Separate THz time domain spectrometer | SIMTRUM Photonics Store

Working Principle

The working principle of THZ-TDS can be divided into two main parts: excitation (producing THz pulses) and detection (measuring THz pulses). The entire process is based on ultrafast laser pulse technology and usually involves the following steps:

1. Excitation (generate THz pulse)

Laser source: The THz-TDS system uses ultrafast laser pulses (usually femtosecond laser pulses) as the excitation source.

Photoelectric effect: When a laser pulse is irradiated onto a semiconductor material such as germanium (Ge), germanium phosphide (GaAs) or gallium arsenide (InGaAs), the photoelectric effect is excited. The laser pulse causes electrons in the semiconductor material to be excited, resulting in a brief pulse of electric current (THz radiation).

THz wave generation: This current pulse generates THz waves (THz radiation) through acceleration inside the material. Due to the broad spectrum nature of the laser pulse, these THz waves usually contain broadband information from low to high frequency, so they can provide comprehensive frequency information for subsequent spectral analysis.

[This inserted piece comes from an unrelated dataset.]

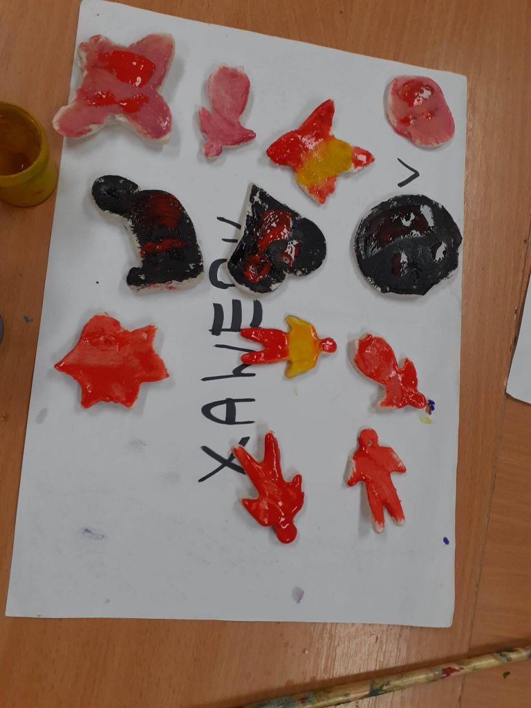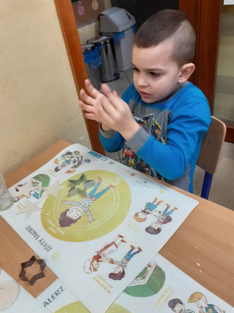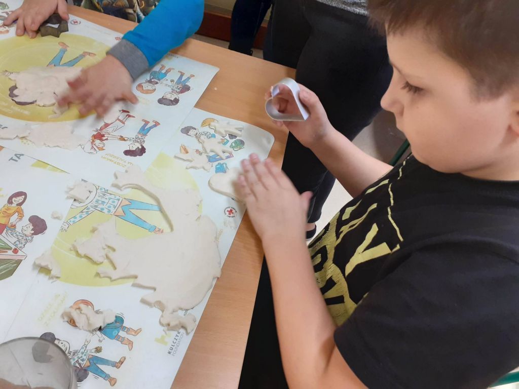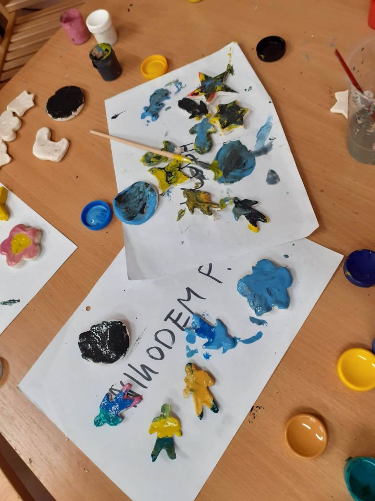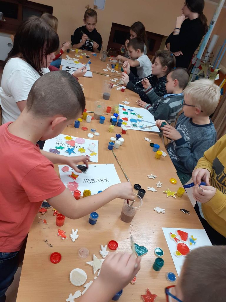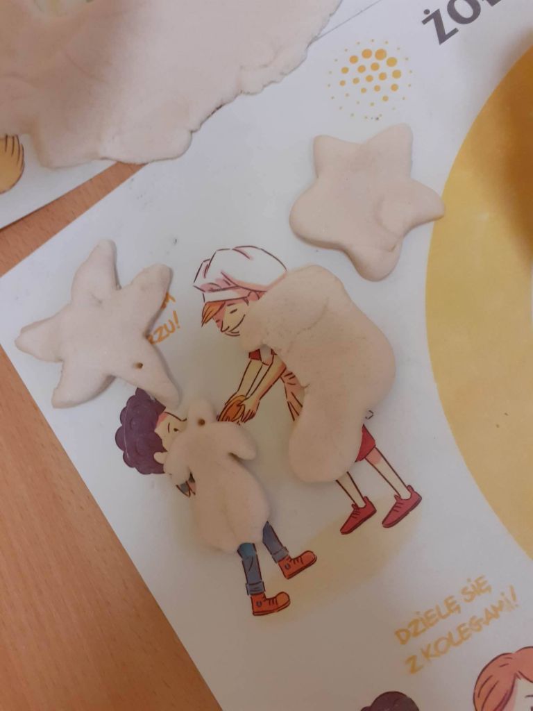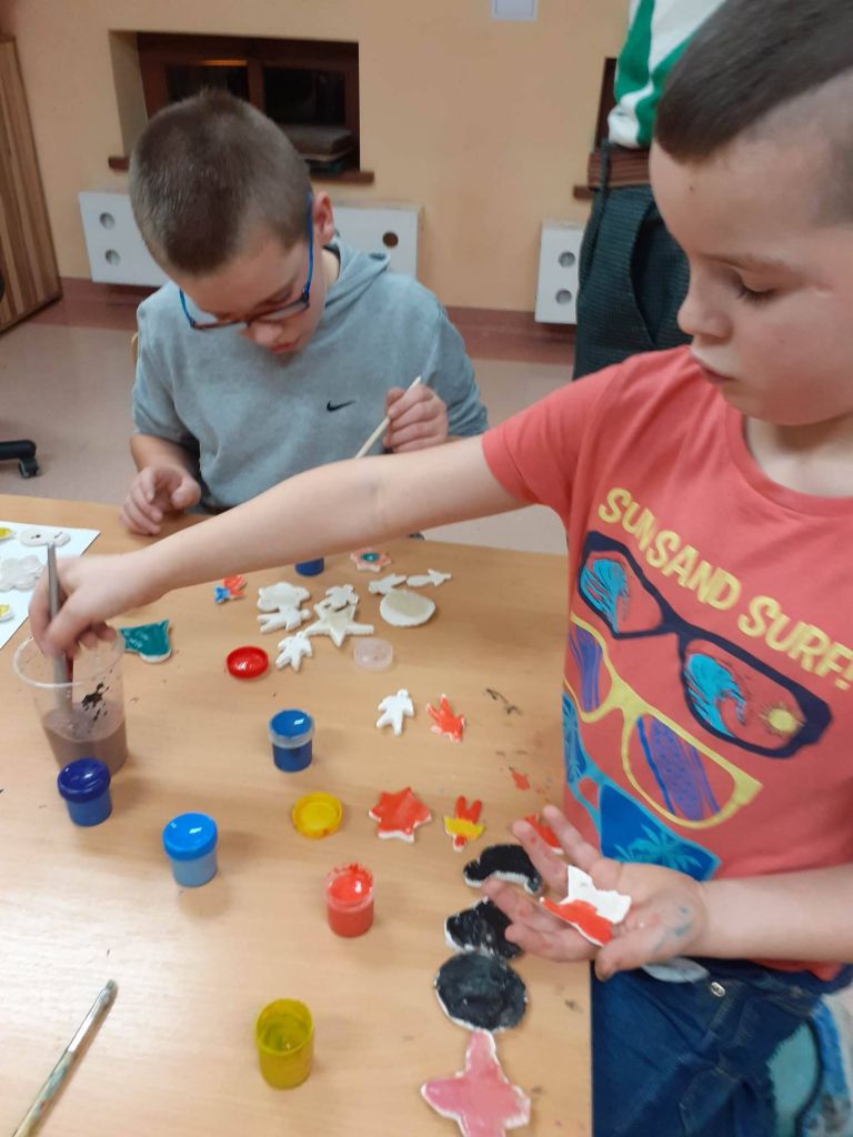 Efekt naszych dwóch dni pracy – ozdoby choinkowe z masy solnej. Wykrajanie kształtów i malowanie ich farbami to była sama przyjemność. A jaka będzie satysfakcja, kiedy już zawisną na naszych choinkach. Przecież bożonarodzeniowe drzewko ubrane we własnoręcznie wykonane dekoracje cieszy najbardziej!

2. Detection (measuring THz pulse)

Detectors: THZ-TDS utilizes photodetectors (usually also photodiodes based on materials such as GaAs, InGaAs, etc.) to detect electrical signals caused by THz radiation. When the detector receives the THz pulse, it can generate the corresponding electrical signal.

Electric field sampling: The detector usually measures the change in the electric field of the THz pulse when it is received. In order to obtain the complete THz waveform in time domain, the system captures the amplitude and phase information of THz wave by precisely controlling the time delay between the detection pulse and the excitation pulse, so as to realize the complete time domain measurement of THz wave.

3. Data processing

Fourier Transform: By obtaining the complete waveform of the THz wave in the time domain, the THZ-TDS system uses Fourier Transform to convert the time domain signal into the frequency domain signal. At this time, the resulting spectrum contains the frequency component of the THz wave, which can provide detailed spectral characteristics of the material or substance in this frequency band.

Analysis and interpretation: The absorption characteristics, refractive index, optical constant and other information of the material can be extracted from the frequency domain spectrum. Thus, THz-TDS can be used to study the electromagnetic properties of materials (e.g., dielectric constant, optical transmission properties, etc.).